Doğu inanılmaz bir çekişmeyle şekillenirken 4 büyük takım zirveye oynuyor. Bu takımlar ise tabii ki Boston, Miami, Chicago ve Orlando. Bu arada Atlanta da süpriz bir şekilde bu takımların arasına girmiş bulunmakta. Orlando’nun 1.5 maç önündeler ama sezon sonuna yaklaşırken orda bulunmaya devam etmeleri oldukça düşük ihtimal.
Bu bahsettiğim 4 takım teker teker incelendiğinde ortaya şu notlar çıkıyor :
Orlando Magic
Orlando son maçlardaki istikrarsızlığı yüzünden biraz tehlikede. Son 15 maçın 8’ini kaybederken yerlerini de Atlanta’ya kaptırdılar. Takas öncesi ve takas sonrası galibiyet oranları da şaşırtıcı olsa da aynı : 16-10.
Ama sadece kazanıp kaybettiklerine değil de form olarak bakarsak durum o kadar da kötü görünmüyor. 11 sayı ile kaybettikleri Boston maçında sadece skorda yenildiler. Arenas 7 de 0 la oynadı vs. Yani her zaman olmayacak ve sonradan düzeltilebilir değişkenler ile yenildiler. Son 5 galibiyetlerinin de hepsi çift haneli farklarla son buldu.
Orlando yüzde 50 ve üstü galibiyet oranı olan takımlara karşı 7 maç üstüste kaybetti ve bu da demek oluyor ki güçlü takımlara karşı iyi oyunlarını sürdüremiyorlar. Özellikle en çok yapılan değerlendirme de Rondo, Rose gibi rakibin oyun kurucularını savunmakta zorluk yaşıyorlar ve defansta da D.Howard’a her zamankinden daha fazla muhtaçlar.
Chicago Bulls
Açıkçası Bulls, Noah ve Boozer sakatlıklarından dolayı biraz sürpriz bir şekilde ilk 3’e giriyor. Derrick Rose kendisinden beklenenin fazlasını verebildi bu takıma ve neredeyse tek başına takımını ayakta tuttuğu maçlar oldu.

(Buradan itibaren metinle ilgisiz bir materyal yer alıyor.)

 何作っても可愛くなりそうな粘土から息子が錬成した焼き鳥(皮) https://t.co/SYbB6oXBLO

Çoğu kişi Bulls’u hücum basketbolu oynuyor görse de aslında ofansif verimlilikleri NBA ‘de sadece 18. sırada. Yani Chicago da aslında bir defans takımı ve Noah sağlıklı olarak takımına döndüğü anda oyunları bir kademe daha iyi olacak.

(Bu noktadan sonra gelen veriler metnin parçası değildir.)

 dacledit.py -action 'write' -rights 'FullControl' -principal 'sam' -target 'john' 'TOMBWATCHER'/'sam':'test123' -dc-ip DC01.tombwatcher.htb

Tüm bunlar olurken maç takvimleri Bulls’a oldukça yardımcı oldu. Chicago şimdiye kadar ligin en kolay 2. fikstürüne sahipti ve bunun üstüne bir de 49 maçn 27’sini evlerinde oynadılar. Noah’ın sakatlığı olabilecek en iyi zamana denk geldi aslında, çoğunlukla kolay maçlara. Bugünkü Portland maçıyla beraber son 33 maçlarının 19’unu deplasmanda oynayacaklar.
Miami Heat
Miami Heat 9-8 ile başladıklarına sezona 28-6 ile devam ederek doğu zirvesine aday oldular. Bu 28-6 lık serileri ise tüm NBA ‘ de kazanma yüzdesi en yüksek olan seri oluyor (Evet, Spurs’ten bile daha iyi bir dönem). Dolayısıyla kötü starta rağmen muhteşem bir geri dönüşle diğer takımların gözünü oldukça korkutuyorlar.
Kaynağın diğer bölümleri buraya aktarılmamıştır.